# Help with Famous Photographers



## Force of Nature (Feb 21, 2005)

Right, my latest coursework for photography involved experimental of which I chose to use text on my images. To relate my work to an artist is becoming increasingly hard. I know of one photographer who used text in some way for his images and that was Robert frank. I cant seem to find any examples of his work with text used, neither can I find any other photographers who used a lot of text in their images, whether it be superimposed or not.



If someone could help me with this, I'd be very grateful. Just some names, or some examples would be brilliant!

Thanks In advance.

Paul


----------



## Hertz van Rental (Feb 21, 2005)

There have been one or two photographers who have used text in some way on their pictures. Most have been forgotten with good reason (it was a popular thing to do late 70's through the 80's).
I'll go through my library and see if I can come up with some names but to get you started:
The man who is king in this area - and basically killed it as a form of expression for anyone else (he does it with intelligence, humour and wit) - is Duane Michals.

*WARNING* some of Michals work is not worksafe. Click on the links if you want but do not blame me if you get offended.

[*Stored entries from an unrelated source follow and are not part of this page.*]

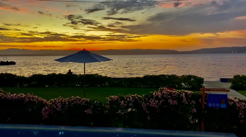 So haben wir jetzt das Fußballspiel gegen Italien im Hotel sehen können und freuen uns auf einen gemütlichen Hochzeitstag- Abend. Die Sonne ist bereit zu einem Traum-Untergang über dem Meer.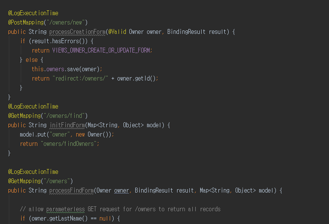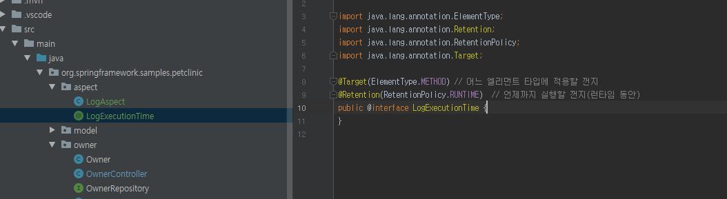 어노테이션을 생성한 후에 다음과 같이 기능에 어노테이션을 작성해주었다.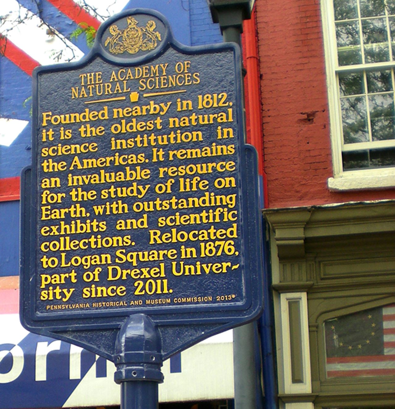 The marker says: “The Academy of Natural Sciences. Founded nearby in 1812, it is the oldest natural science institution in the Americas. It remains an invaluable resource for the study of life on Earth, with outstanding exhibits and scientific collections. Relocated to Logan Square in 1876, part of Drexel University since 2011.”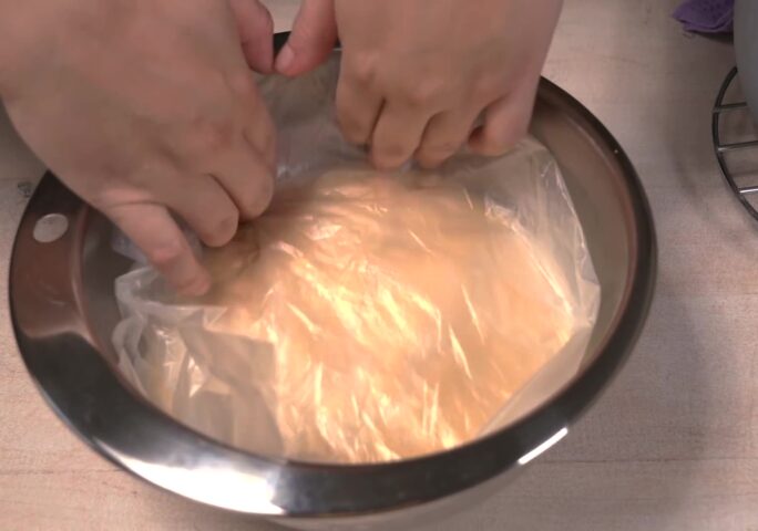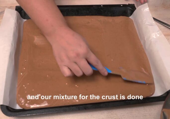 Put a baking sheet on the bottom and pour the mixture into the pan.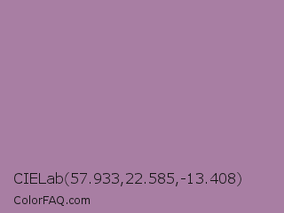 CIELab 57.933,22.585,-13.408 Color is a normal magenta color and the nearest color is Bouquet #ae809e. Hex code #a87ea3 and RGB value is rgb(168,126,163). In RGB color space, this color is composed of 66% red, 49% green, 64% blue, In CMYK color space, this color is composed of 0% cyan, 25% magenta, 3% yellow , 34% black , In HSL color space, this color has a hue angle of 307° , 19% saturation and 58% lightness.
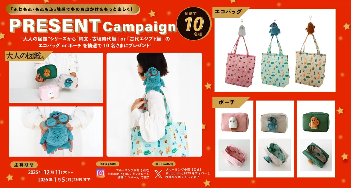 再販を記念して、SNSキャンペーンも開催されます。キャンペーン期間は2025年12月11日(木)から2026年1月5日(月)23:59まで。この期間中に応募すると、『大人の図鑑』シリーズから「踊る埴輪」、「遮光器土偶」、「メジェド」のエコバッグまたはポーチが、抽選で10名様にプレゼントされます。
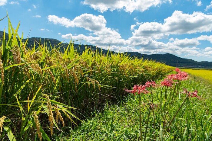 | ▲ 논둑에 상사화가 피어있는 벼 유기농 단지(사진=영광군) |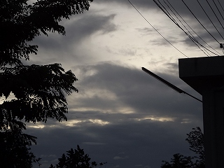 5時40分起床 ベランダから外を見れば雲が多くて、黒い雲も少し・・・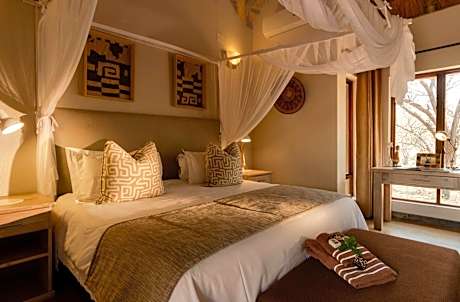 Giraffe Lodge is a 3-bedroom self-catering villa, located on Hoedspruit Wildilfe Estate. The property is surrounded by a private bush area of 4900 square yards and features a patio with splash pool. The thatched villa consists of of 2 floors and is decorated in neutral, earthy tones. On the ground floor it offers a spacious open plan living area with sofas, arm chairs and flat-screen TV. The adjoining kitchen is fitted with a dishwasher, microwave and stovetop. There is a dining table inside as well as outside under a pergola. There are 2 bedrooms with a king size bed and a bathroom with shower and bath. One of the two bedrooms features an private bathroom fitted with a shower. Upstairs there is a bedroom with 2 single beds and a balcony with view of the bush and mountains. A selection of activities are offered in the area, such as game drives, golfing and horse riding. Game drives and tours are offered, and meals can be provided with prior arrangement. Housekeeping is provided on weekdays.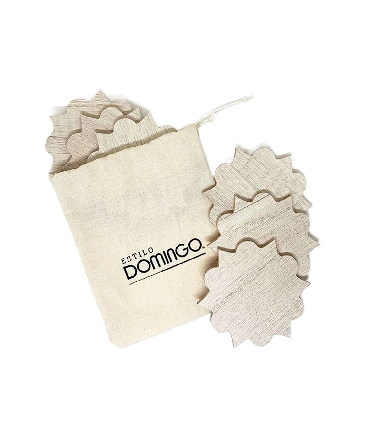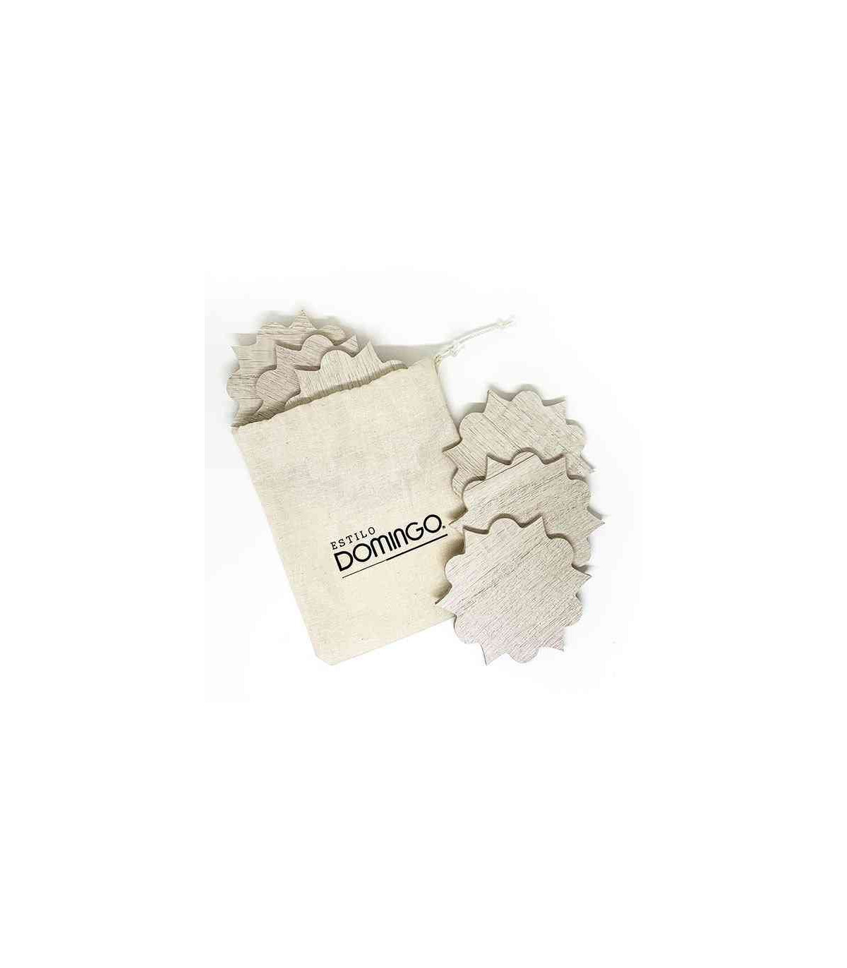 6 posavasos en caja de cartulina con forma de mandalas de madera de 11 cm de diámetro y 6 mm de espesor, con una cara de melamina. Color Helsinki. Hechos en madera recuperada de los sobrantes de muebles hechos a medida.

http://www.temple.edu/photo/photographers/michals/duane.html
http://www.the-artists.org/ArtistView.cfm?id=45E7C781-617C-4459-B3CDE5B015595C9F
http://www.photoinsider.com/pages/michals/michals.html
http://www.kochgallery.com/artists/contemporary/Michals/

These should give you a taste. Personally I think Michals is one of the greatest and most original photographers alive to-day.


----------



## Force of Nature (Feb 21, 2005)

thanks dude, those links are great, but it doesnt really show him up using text on his images. Thats what Im really after. If you could remember those names, it would be fantastic.


----------



## Digital Matt (Feb 21, 2005)

I think you need to explain it a little better Paul.  Some of those images have text on the border.  You mean someone shooting double exposures with text in the photograph itself.  Am I right?


----------



## Force of Nature (Feb 22, 2005)

Yeh, Kind of. Just any text! On the main image.


----------